Veterans Affairs Secretary-designate Dr. David Shulkin, currently undersecretary for health at the VA, is sworn-in on Capitol Hill in Washington, Wednesday, Feb. 1, 2017, prior to testifying at his confirmation hearing before the Senate Veterans' Affairs Committee. (AP Photo/Alex Brandon)

Veterans Affairs Secretary-designate Dr. David Shulkin, currently undersecretary for health at the VA, is sworn-in on Capitol Hill in Washington, Wednesday, Feb. 1, 2017, prior to testifying at his confirmation hearing before the Senate Veterans' Affairs Committee. (AP Photo/Alex Brandon)

Without a helluva lot more particulars here it is hard to determine what is real and what is not.

Via the Washington Post:

Nearly three days into a trip to Europe this past July, Veterans Affairs Secretary David Shulkin had attended a Wimbledon championship tennis match, toured Westminster Abbey and taken a cruise on the Thames.

The 10-day trip was not entirely a vacation. Shulkin was in Europe for meetings with Danish and British officials about veterans’ health issues, so taxpayers picked up part of the tab.

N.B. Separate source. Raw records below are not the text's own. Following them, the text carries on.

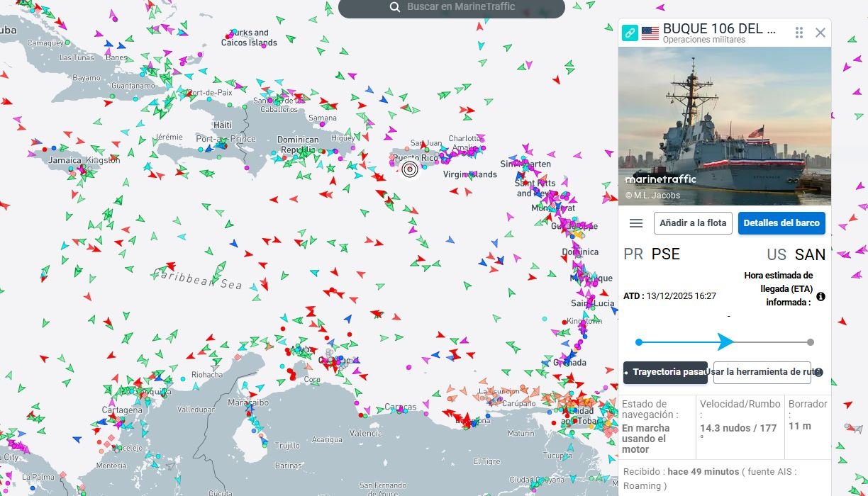 De acuerdo con los datos del sistema AIS consultados en MarineTraffic, el buque de guerra —clasificado como operación militar— navegaba a una velocidad aproximada de 14 nudos, siguiendo una trayectoria que lo integra al grupo de destructores y unidades anfibias que operan en aguas estratégicas del Caribe central.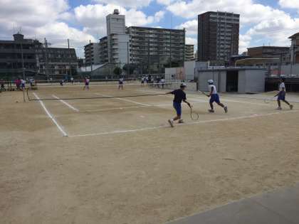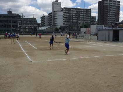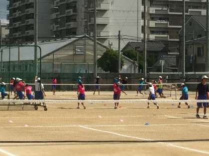 ストレッチ等準備運動をした後、コートを3カ所に分けて、ストレートとクロスうちの練習をしています。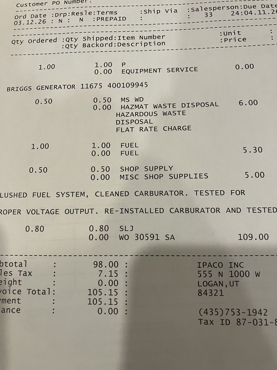 Very good condition. Kept for emergency and used for odd jobs. Hardly used. Just had Ipaco Inc. go through it and checked it out and it is running good. See receipt in pictures.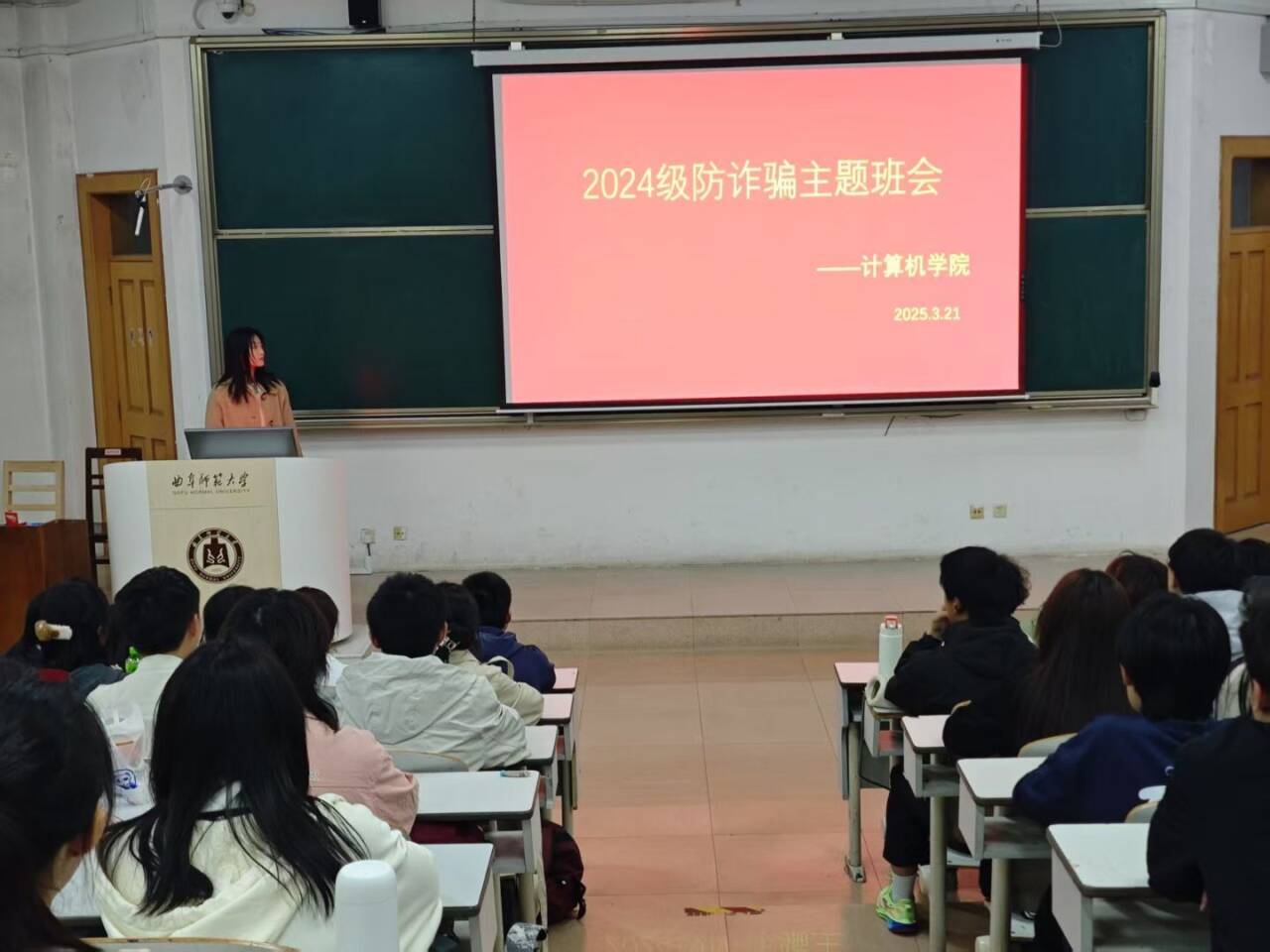 为进一步增强同学们的防诈骗意识,提升自我保护能力,3月21日,五楼自拍 在JE101教室召开防诈骗主题班会。学院辅导员老师参加此次会议, 2023级人工智能班级及2024级全体学生参与。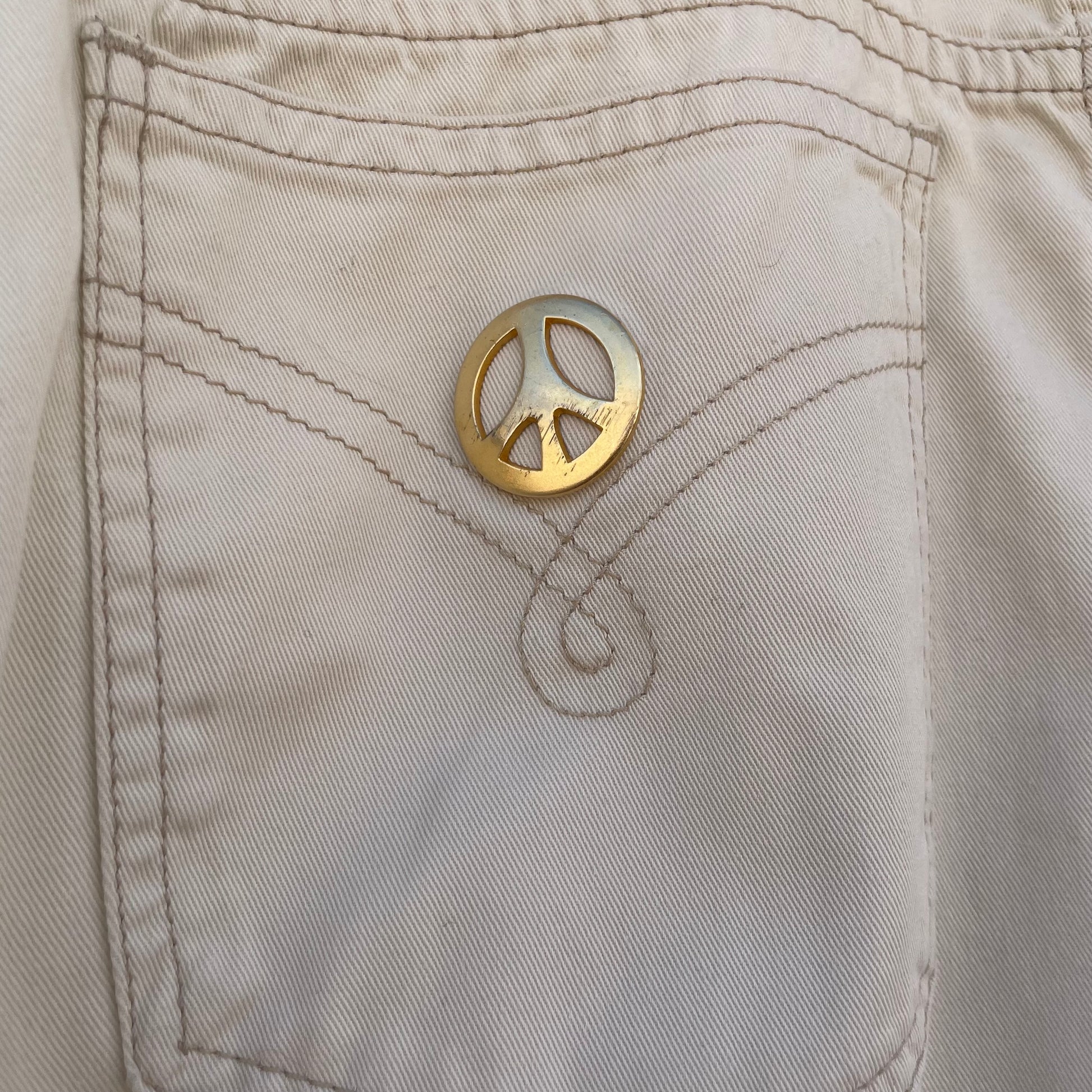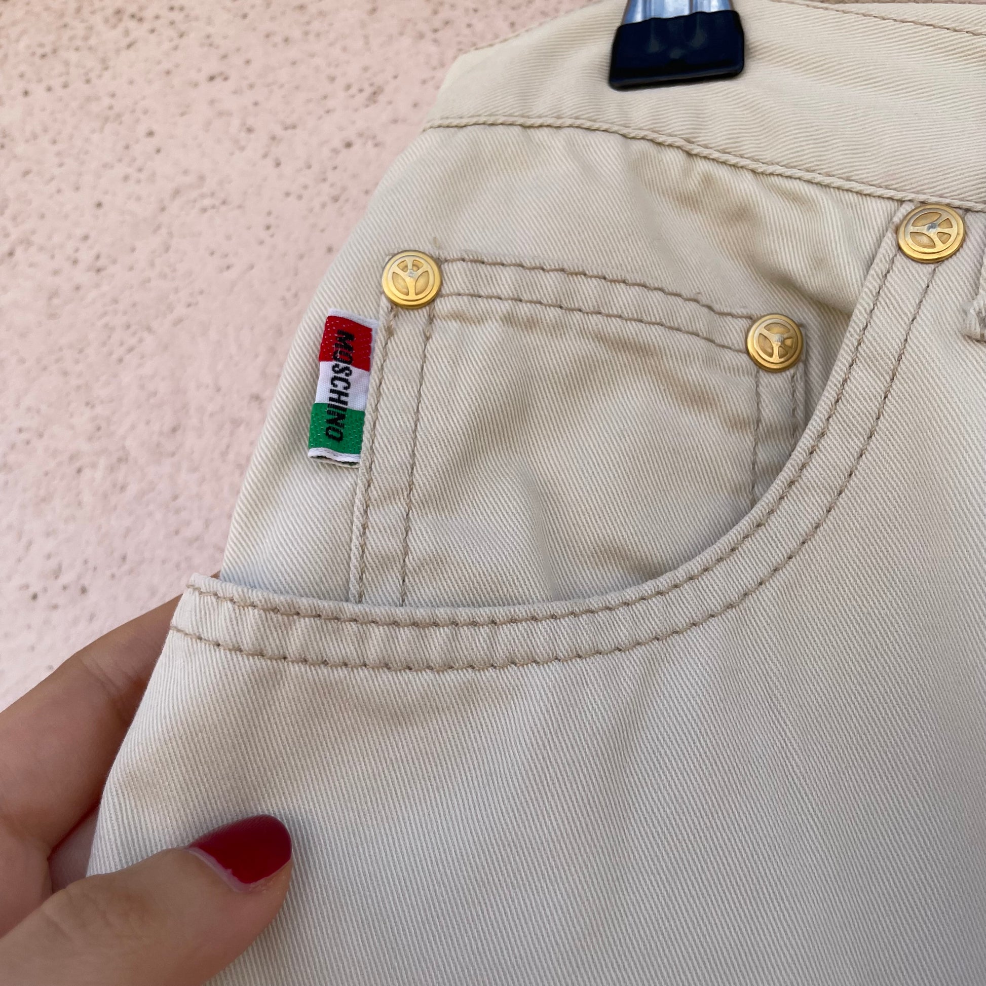 Pantaloni Moschino modello jeans cinque tasche. 100% cotone (tela più leggera del denim). Simbolo della pace dorato sulla tasca (leggermente graffiato).

Yet he and his wife spent about half their time sightseeing, including shopping and touring historic sites, according to an itinerary obtained by The Washington Post and confirmed by a U.S. official familiar with their activities.

The federal government paid for the flights for Shulkin and his wife, Merle Bari, and provided a per-diem reimbursement for their meals and other expenses, VA said Friday. An agency spokesman did not respond to questions about why Bari qualified for the reimbursements and taxpayer-funded airfare, other than to say she was traveling on “approved invitational orders” and had “temporary duty” travel expenses.

The agency also did not respond to questions about the cost of the flights and the total reimbursement. If Bari took the full per diem every day of the trip, she could have been reimbursed as much as $3,600 under federal guidelines.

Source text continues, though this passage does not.